◆ **PROBLEM**:
Transcribe the full listing exactly, and drop every picture.

◆ **EXERCISE INPUT**:
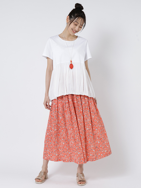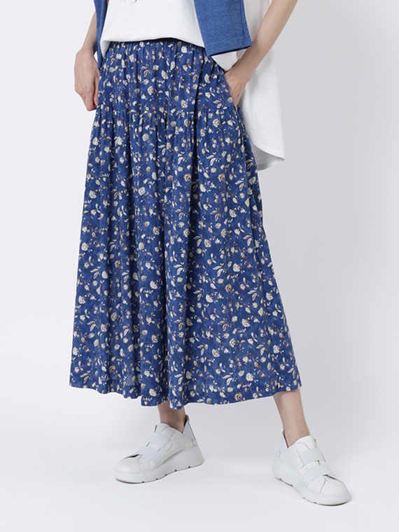 ティアードデザインの持つ楽しさと、楊柳素材の軽やかさが美しく融合した、主役級のギャザースカートです。
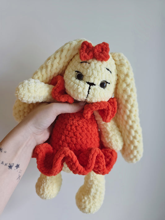 Tamborēta plīša zaķene ar sarkanu kleitiņu, 37 cm (Roku darbs)
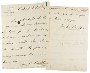 .1869.. MANUSCRITO: .(CARTA AUTÓGRAFA).. .DOS CARTAS EN CUARTILLA DIRIGIDAS A M. COTOULY.. Una de las cartas redactada sobre papel con membrete del congreso de los diputados. Ambas con la firma de Emilio Castelar.
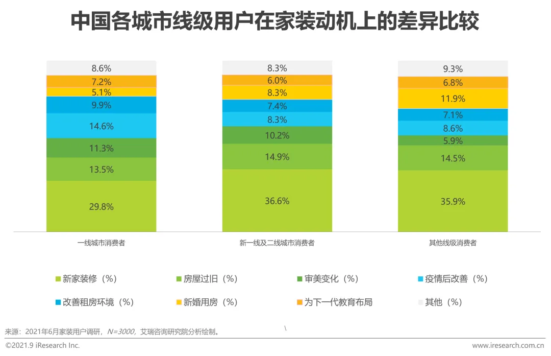 基于艾瑞咨询调研数据,新家装修的家装动机仍然居于家装消费需求产生的主要原因,其占比达到34.2%。但旧房改造(14.6%)、审美变化(10.2%)、扩大家庭收纳(5.4%)等存量房相关的比例已经超过30%,存量房的家装动机逐渐显现。从用户所在城市线级进行比较,出于改善旧房等存量房相关的家装动机的用户在一线城市用户、新一线及二线城市用户、其他线级城市用户的比例依次为65.1%、55.1%和52.2%。不难看出,改善旧有住房的家装动机在高线城市具有更高的渗透率,存量房改造逐步成为一线城市的房屋家装新动能。
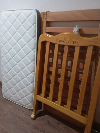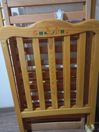 Cuna de madera para bebé, es antigua. - Acabado natural de la madera. Tiene desperfectos pero sirve perfectamente. Se la regalo a quien venga a buscarla a Getafe, zona hospital.
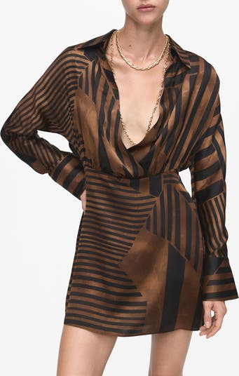 Shirtdress style gets sultry with a leg-baring length and a deeply dipped neckline.
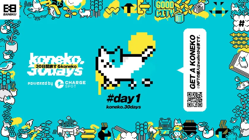 今年デビュー10周年を迎える人気ピクセルアーティストBAN8KUのkonekoが、渋谷駅~原宿駅周辺のスマホ充電サービス「ChargeSPOT」のデジタルサイネージ100台に放し飼いに。2023年9月15日から30日間、毎日新しいkonekoが登場し、konekoのNFTもゲットできる。
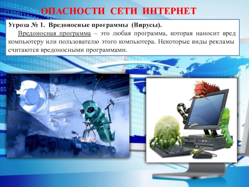 Слайд 4Угроза № 1. Вредоносные программы (Вирусы).
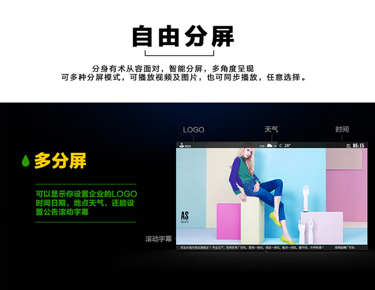 6、分屏功能:可以將圖片+視頻+滾動字幕同時多畫面顯示,這樣獨特的顯示給廣告運營商帶來更多商機,可實現多家媒體的廣告同時播放。
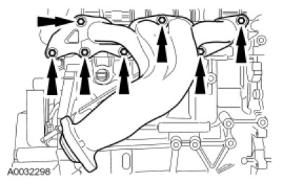 Position a new gasket and install the exhaust manifold and 7 new nuts.

◆ **TASK RESULT**:
 ティアードデザインの持つ楽しさと、楊柳素材の軽やかさが美しく融合した、主役級のギャザースカートです。
 Tamborēta plīša zaķene ar sarkanu kleitiņu, 37 cm (Roku darbs)
 .1869.. MANUSCRITO: .(CARTA AUTÓGRAFA).. .DOS CARTAS EN CUARTILLA DIRIGIDAS A M. COTOULY.. Una de las cartas redactada sobre papel con membrete del congreso de los diputados. Ambas con la firma de Emilio Castelar.
 基于艾瑞咨询调研数据,新家装修的家装动机仍然居于家装消费需求产生的主要原因,其占比达到34.2%。但旧房改造(14.6%)、审美变化(10.2%)、扩大家庭收纳(5.4%)等存量房相关的比例已经超过30%,存量房的家装动机逐渐显现。从用户所在城市线级进行比较,出于改善旧房等存量房相关的家装动机的用户在一线城市用户、新一线及二线城市用户、其他线级城市用户的比例依次为65.1%、55.1%和52.2%。不难看出,改善旧有住房的家装动机在高线城市具有更高的渗透率,存量房改造逐步成为一线城市的房屋家装新动能。
 Cuna de madera para bebé, es antigua. - Acabado natural de la madera. Tiene desperfectos pero sirve perfectamente. Se la regalo a quien venga a buscarla a Getafe, zona hospital.
 Shirtdress style gets sultry with a leg-baring length and a deeply dipped neckline.
 今年デビュー10周年を迎える人気ピクセルアーティストBAN8KUのkonekoが、渋谷駅~原宿駅周辺のスマホ充電サービス「ChargeSPOT」のデジタルサイネージ100台に放し飼いに。2023年9月15日から30日間、毎日新しいkonekoが登場し、konekoのNFTもゲットできる。
 Слайд 4Угроза № 1. Вредоносные программы (Вирусы).
 6、分屏功能:可以將圖片+視頻+滾動字幕同時多畫面顯示,這樣獨特的顯示給廣告運營商帶來更多商機,可實現多家媒體的廣告同時播放。
 Position a new gasket and install the exhaust manifold and 7 new nuts.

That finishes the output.